Assigned task :: In the data below, begin at the line with "First I had" and stop after the line with "BREMBO 08.9600.24 |"; output those lines exactly and no pictures.

Supplied material ::
◆ ◆ ◆ ◆ ◆ ◆ ◆

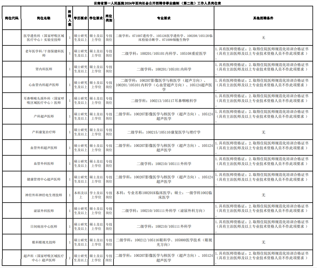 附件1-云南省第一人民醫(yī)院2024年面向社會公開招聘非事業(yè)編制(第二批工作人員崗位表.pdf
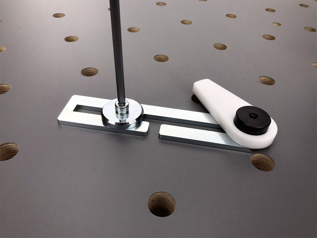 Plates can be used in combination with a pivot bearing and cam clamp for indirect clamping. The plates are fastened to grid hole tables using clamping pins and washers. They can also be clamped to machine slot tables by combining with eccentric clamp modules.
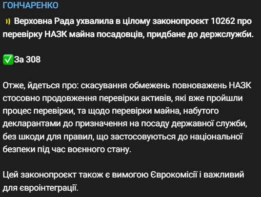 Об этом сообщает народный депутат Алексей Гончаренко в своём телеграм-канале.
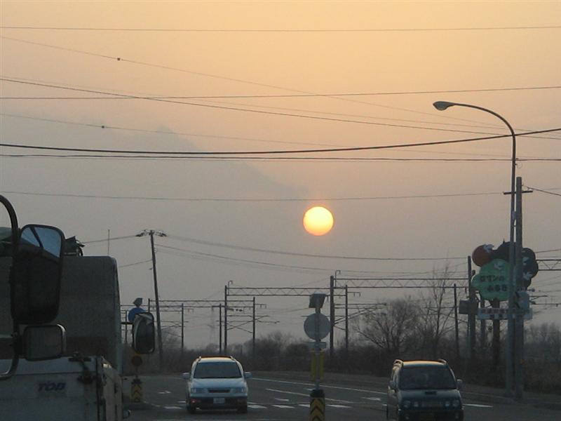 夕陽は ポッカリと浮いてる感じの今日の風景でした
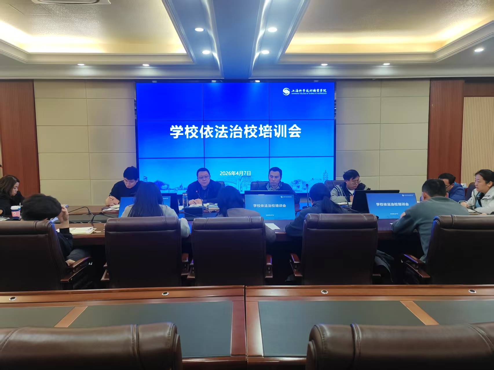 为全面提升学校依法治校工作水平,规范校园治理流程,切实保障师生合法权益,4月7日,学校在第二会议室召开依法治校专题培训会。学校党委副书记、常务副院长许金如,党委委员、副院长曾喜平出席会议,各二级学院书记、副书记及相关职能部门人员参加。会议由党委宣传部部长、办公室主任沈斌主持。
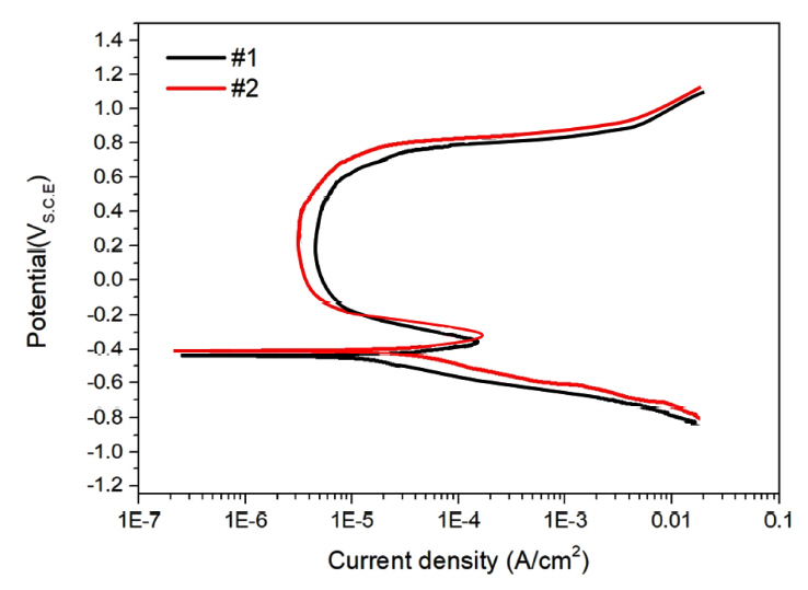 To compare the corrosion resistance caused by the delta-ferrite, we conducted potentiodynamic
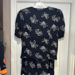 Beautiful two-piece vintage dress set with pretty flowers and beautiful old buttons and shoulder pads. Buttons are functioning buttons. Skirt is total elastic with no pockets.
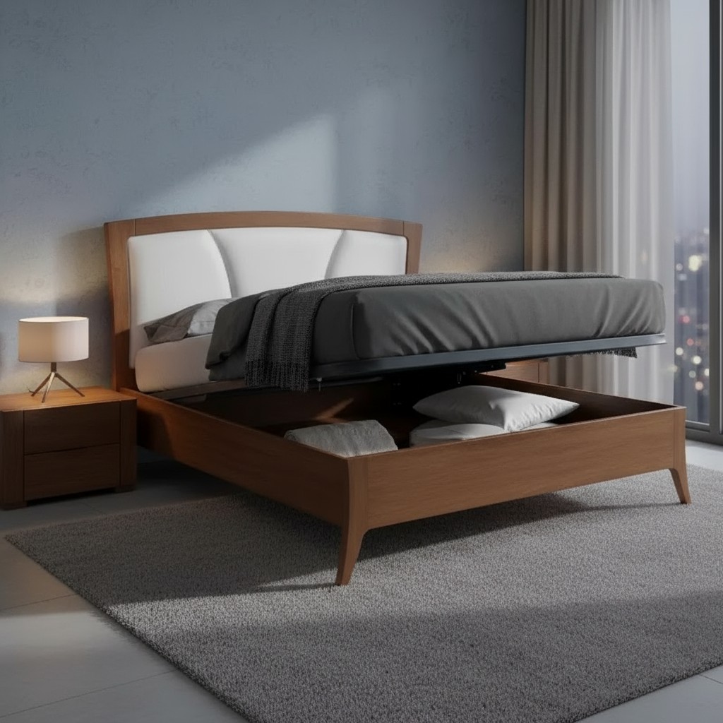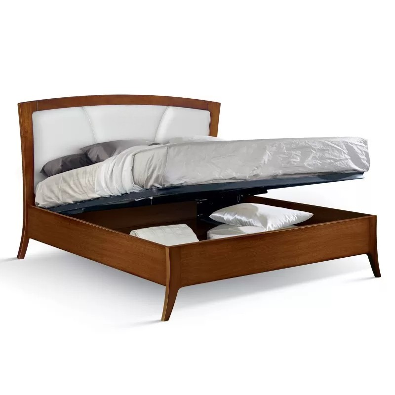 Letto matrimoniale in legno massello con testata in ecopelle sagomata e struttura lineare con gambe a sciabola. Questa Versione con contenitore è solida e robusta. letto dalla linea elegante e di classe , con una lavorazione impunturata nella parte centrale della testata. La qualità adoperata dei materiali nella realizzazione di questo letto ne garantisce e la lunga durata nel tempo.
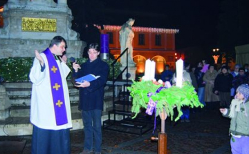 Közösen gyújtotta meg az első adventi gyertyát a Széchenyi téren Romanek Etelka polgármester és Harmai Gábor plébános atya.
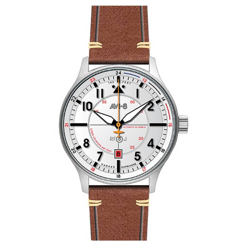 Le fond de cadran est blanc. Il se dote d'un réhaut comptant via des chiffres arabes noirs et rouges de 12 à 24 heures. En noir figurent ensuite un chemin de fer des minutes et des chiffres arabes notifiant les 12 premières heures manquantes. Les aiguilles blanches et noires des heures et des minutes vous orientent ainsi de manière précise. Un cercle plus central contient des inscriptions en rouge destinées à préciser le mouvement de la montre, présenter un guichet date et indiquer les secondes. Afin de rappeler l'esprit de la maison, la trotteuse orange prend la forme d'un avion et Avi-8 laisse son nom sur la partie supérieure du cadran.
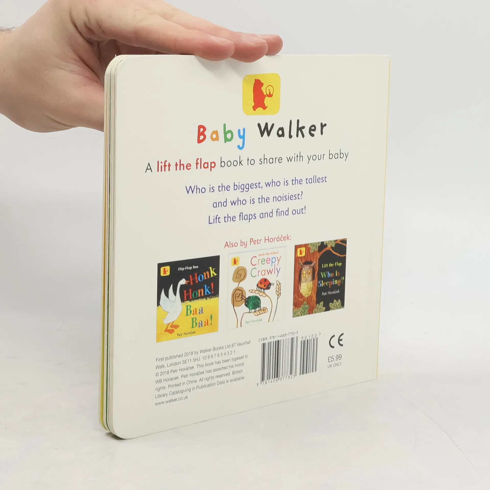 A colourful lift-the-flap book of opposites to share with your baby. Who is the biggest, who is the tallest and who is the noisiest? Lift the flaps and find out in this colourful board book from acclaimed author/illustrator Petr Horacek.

◆ ◆ ◆ ◆ ◆ ◆ ◆

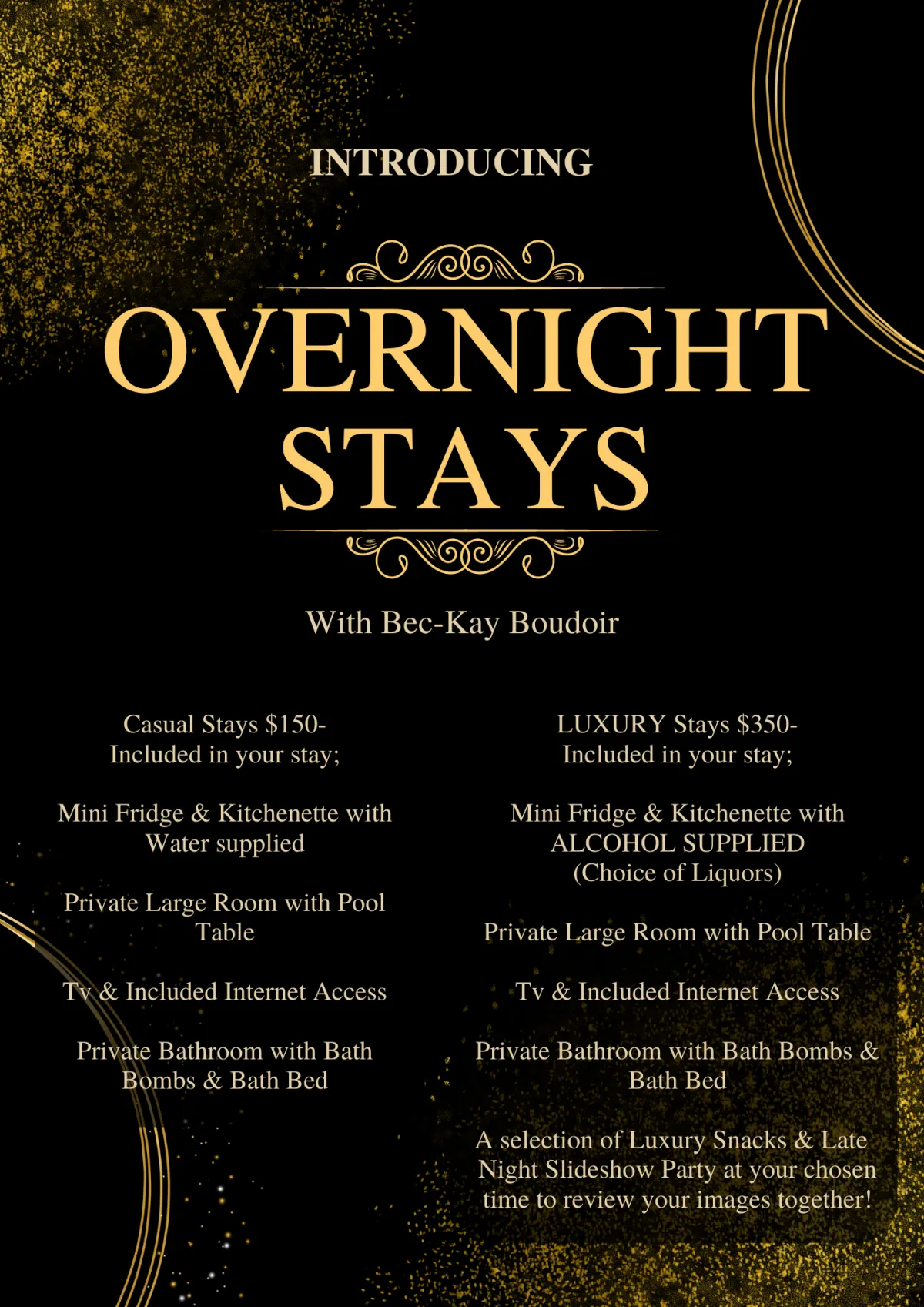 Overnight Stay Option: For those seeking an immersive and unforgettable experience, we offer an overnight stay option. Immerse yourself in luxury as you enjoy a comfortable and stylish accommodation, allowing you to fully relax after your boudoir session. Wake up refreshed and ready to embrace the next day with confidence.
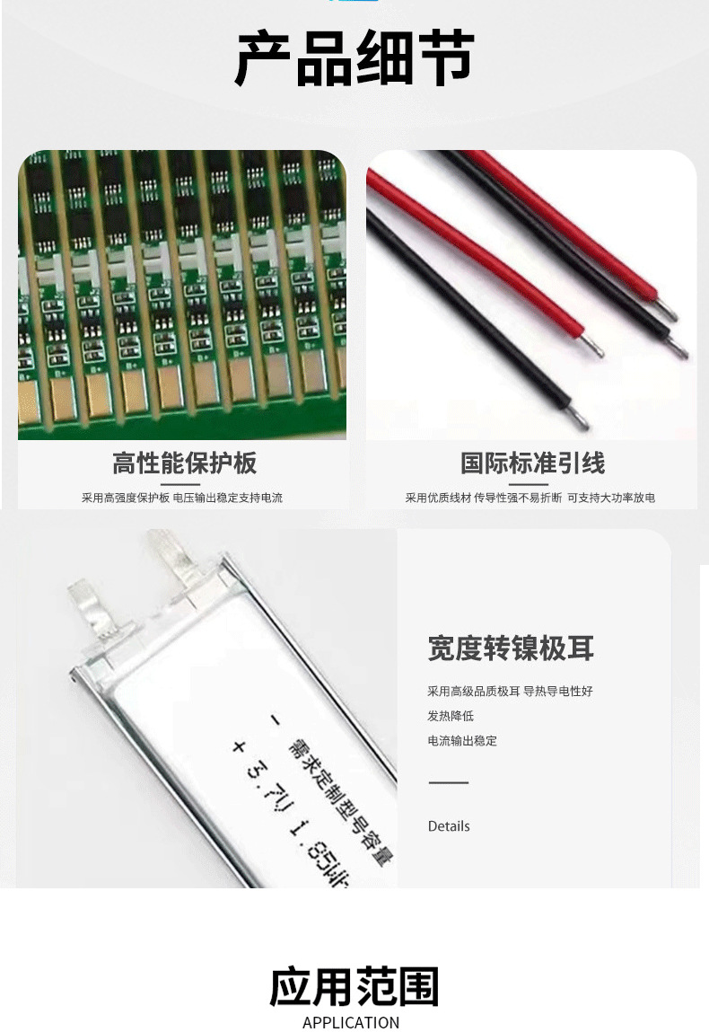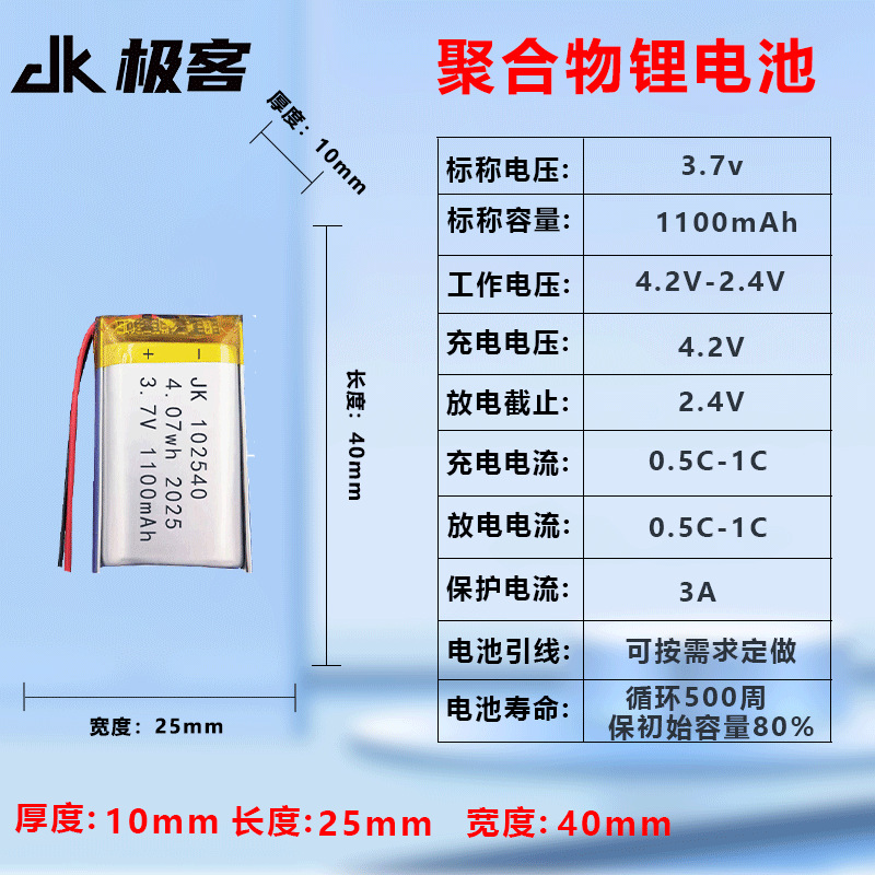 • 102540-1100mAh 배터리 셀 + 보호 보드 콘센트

◆ ◆ ◆ ◆ ◆ ◆ ◆

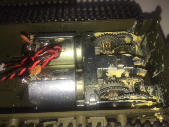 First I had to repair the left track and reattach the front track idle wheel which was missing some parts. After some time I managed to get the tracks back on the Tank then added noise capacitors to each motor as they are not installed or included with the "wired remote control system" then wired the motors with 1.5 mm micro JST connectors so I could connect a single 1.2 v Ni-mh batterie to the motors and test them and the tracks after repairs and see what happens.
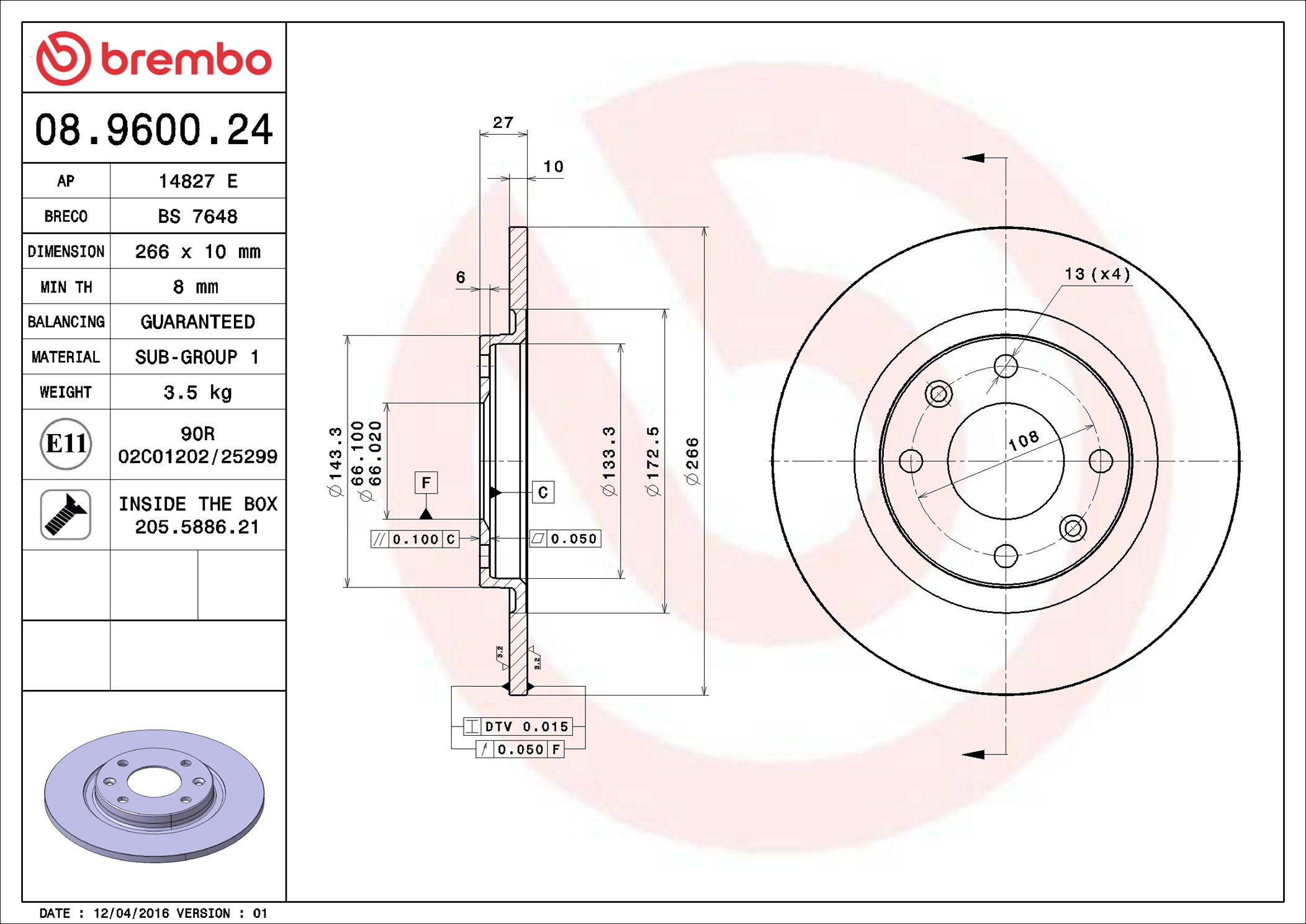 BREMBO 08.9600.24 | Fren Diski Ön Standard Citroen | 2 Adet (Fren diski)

◆ ◆ ◆ ◆ ◆ ◆ ◆

Solution for this task ::
 First I had to repair the left track and reattach the front track idle wheel which was missing some parts. After some time I managed to get the tracks back on the Tank then added noise capacitors to each motor as they are not installed or included with the "wired remote control system" then wired the motors with 1.5 mm micro JST connectors so I could connect a single 1.2 v Ni-mh batterie to the motors and test them and the tracks after repairs and see what happens.
 BREMBO 08.9600.24 | Fren Diski Ön Standard Citroen | 2 Adet (Fren diski)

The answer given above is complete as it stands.